Similarily, for right shift : if x = 0b1010, then x >> 1 becomes 0b1101, rightmost bit dissapears, new 'one' bit (depends on value of leftmost bit) is appended on the left.

You need to find out binary representation of Integer.MIN_VALUE to resolve your puzzle, which should not be very tricky.

Answer 3

If you're trying to understand how the bit shift operators work, I would suggest two things:

• First, read some guides on what they do: here and here for example.
• Write some code and look at the output. That way you can see how bit shift operators actually affect values like Integer.MIN_VALUE and Integer.MAX_VALUE.

Answer 4

The min-value is represented as 10000000000000000000000000000000. It's 32 1's. For clarity, let's pretend we're working with only 4 bits. In this case, the MIN_INT would be 1000. This will apply to 32 bits as well.
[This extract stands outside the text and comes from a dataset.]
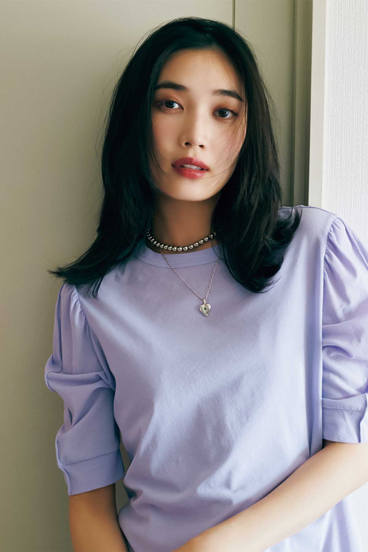 ラベンダーカラーとパフスリーブが可憐なTシャツは、コンサバになりすぎないようなアクセ選びに集中して。辛口かつカジュアルに仕上がるシルバーのボールネックレスを、Tシャツのネックに沿うように。繊細チェーンのハートペンダントと重ねることで、ワンランク上のTシャツスタイルが完成します。Tシャツ¥18,700(チノ/モールド)

We then want to left shift << by 1, which would shift all the bits over to the left by 1 position. Thus, 1000 would become 0000. This is like multiplying by two (although in this case we get overflow!),

Then we want to right shift '>>' by 1, which would shift all the bits to the right by 1 position. In this case, it would become 0000 as the sign bit is replicated when you right shift. If it was 1111 it would become 1111. This is like dividing by two, except in some cases, as you must be weary of the sign bit copying over.